> Action item
All the lines below should be set down exactly, with no picture carried into the copy.

─── Source records ───

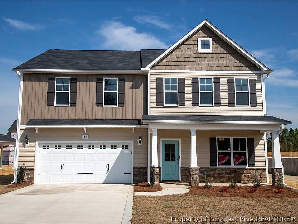 The Ambrose by Furr Construction features 4 bedrooms and 2.5 bath with an open floor plan. Upon entering the home, you are greeted with a large foyer. A beautiful formal dining room with coffered ceilings & wainscoting. A butlers pantry connects the formal dining with the spacious kitchen. The Kitchen offers a large center island, granite countertops and a breakfast nook. Access to the covered porch/grilling area is located right off the breakfast nook. The Kitchen overlooks the large family room that features a fireplace. The Owners suite is located on the second floor with a tray ceiling and has TWO walk in closets. The en-suite bath offers a double vanity, garden tub with a separate shower. You will also find the other 3 bedrooms located on the second floor, each bedroom having its own walk-in closet. A full bath with two separate vanities and the laundry room is also located on the second floor. Currently Under Construction.
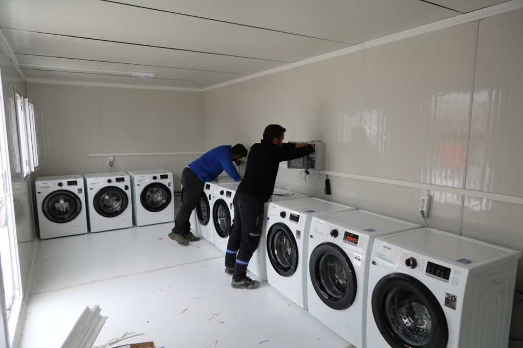 Bin kişinin barındığı Bodrum Belediyesi Hatay-Arsuz Dostluk Kenti’nde günlük ihtiyaçlara yönelik hizmetler kesintisiz devam ederken yardımseverlerin büyük katkısıyla bölgenin en önemli ihtiyaçlarından biri olan çamaşırhane de faaliyete geçirildi.
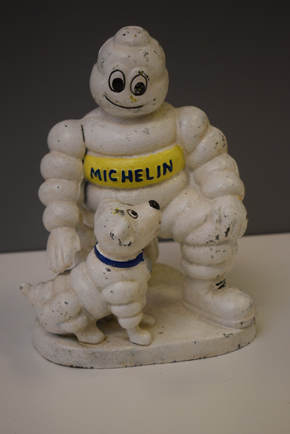A METAL MICHELIN MAN FIGURE WITH MICHELIN DOG (H21 CM) (LEONARD JOEL DELIVERY SIZE: SMALL)
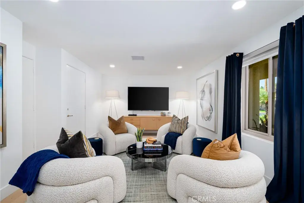 Discover unparalleled sophistication in this stunningly reimagined former model home, nestled within the prestigious Rancho Mirage Country Club. Spanning 3,250 sq. ft., this 3-bedroom, 3.5-bath masterpiece seamlessly blends timeless elegance with modern luxury. Showcasing rare red cedar tongue-and-groove vaulted ceilings in the entry, living room, stairwell, and primary suite, the home exudes warmth, character, and architectural charm. Every detail of this home has been thoughtfully designed and meticulously updated to create an inviting yet stylish retreat. The kitchen, a true chef’s dream, boasts contemporary finishes, sleek cabinetry, an extended center island, and modern appliances. Perfect for entertaining or casual dining, this space effortlessly complements the open-concept floor plan. Wide plank white oak flooring graces the main living areas, while solid core oversized pocket doors connect each space seamlessly, flooding the home with natural light. No element has been overlooked in the home’s extraordinary transformation. The bathrooms have been fully updated with modern fixtures and finishes, reflecting a refined design aesthetic. Fresh interior paint highlights a neutral, sophisticated color palette, while updated electrical systems, including can lighting, elevate functionality and ambiance throughout. Every room has been curated to balance style with comfort, making this home truly turnkey. Step outside and experience the ultimate in desert living. The backyard is a private oasis featuring a newly replastered pool and spa with updated tile, perfect for relaxation or entertaining. An integrated mister system ensures comfort even on the warmest days, while the inviting patio area provides a serene escape for outdoor gatherings or quiet solitude. Additional upgrades include energy-efficient windows, modernized flooring, and enhanced appliances and equipment, all designed to ensure an effortless living experience. Located within one of the desert’s most coveted communities, this home epitomizes elegance, functionality, and attention to detail. Whether hosting lively gatherings or savoring peaceful moments, this property offers the perfect blend of beauty and practicality. Don’t miss this rare opportunity to own a home that is more than a residence—it’s a sanctuary of style and sophistication. Your dream home awaits.
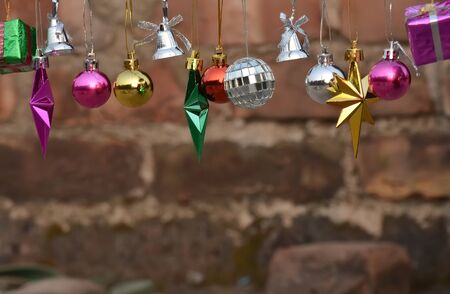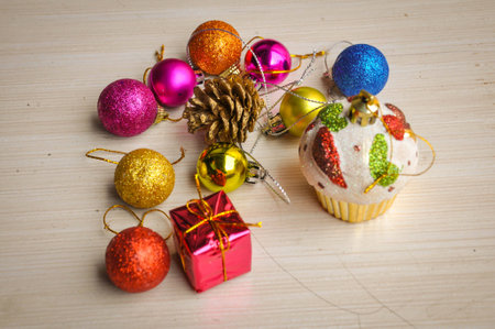 Close-up bright colorful New Year decoration toys

───

> Task response
 The Ambrose by Furr Construction features 4 bedrooms and 2.5 bath with an open floor plan. Upon entering the home, you are greeted with a large foyer. A beautiful formal dining room with coffered ceilings & wainscoting. A butlers pantry connects the formal dining with the spacious kitchen. The Kitchen offers a large center island, granite countertops and a breakfast nook. Access to the covered porch/grilling area is located right off the breakfast nook. The Kitchen overlooks the large family room that features a fireplace. The Owners suite is located on the second floor with a tray ceiling and has TWO walk in closets. The en-suite bath offers a double vanity, garden tub with a separate shower. You will also find the other 3 bedrooms located on the second floor, each bedroom having its own walk-in closet. A full bath with two separate vanities and the laundry room is also located on the second floor. Currently Under Construction.
 Bin kişinin barındığı Bodrum Belediyesi Hatay-Arsuz Dostluk Kenti’nde günlük ihtiyaçlara yönelik hizmetler kesintisiz devam ederken yardımseverlerin büyük katkısıyla bölgenin en önemli ihtiyaçlarından biri olan çamaşırhane de faaliyete geçirildi.
A METAL MICHELIN MAN FIGURE WITH MICHELIN DOG (H21 CM) (LEONARD JOEL DELIVERY SIZE: SMALL)
 Discover unparalleled sophistication in this stunningly reimagined former model home, nestled within the prestigious Rancho Mirage Country Club. Spanning 3,250 sq. ft., this 3-bedroom, 3.5-bath masterpiece seamlessly blends timeless elegance with modern luxury. Showcasing rare red cedar tongue-and-groove vaulted ceilings in the entry, living room, stairwell, and primary suite, the home exudes warmth, character, and architectural charm. Every detail of this home has been thoughtfully designed and meticulously updated to create an inviting yet stylish retreat. The kitchen, a true chef’s dream, boasts contemporary finishes, sleek cabinetry, an extended center island, and modern appliances. Perfect for entertaining or casual dining, this space effortlessly complements the open-concept floor plan. Wide plank white oak flooring graces the main living areas, while solid core oversized pocket doors connect each space seamlessly, flooding the home with natural light. No element has been overlooked in the home’s extraordinary transformation. The bathrooms have been fully updated with modern fixtures and finishes, reflecting a refined design aesthetic. Fresh interior paint highlights a neutral, sophisticated color palette, while updated electrical systems, including can lighting, elevate functionality and ambiance throughout. Every room has been curated to balance style with comfort, making this home truly turnkey. Step outside and experience the ultimate in desert living. The backyard is a private oasis featuring a newly replastered pool and spa with updated tile, perfect for relaxation or entertaining. An integrated mister system ensures comfort even on the warmest days, while the inviting patio area provides a serene escape for outdoor gatherings or quiet solitude. Additional upgrades include energy-efficient windows, modernized flooring, and enhanced appliances and equipment, all designed to ensure an effortless living experience. Located within one of the desert’s most coveted communities, this home epitomizes elegance, functionality, and attention to detail. Whether hosting lively gatherings or savoring peaceful moments, this property offers the perfect blend of beauty and practicality. Don’t miss this rare opportunity to own a home that is more than a residence—it’s a sanctuary of style and sophistication. Your dream home awaits.
 Close-up bright colorful New Year decoration toys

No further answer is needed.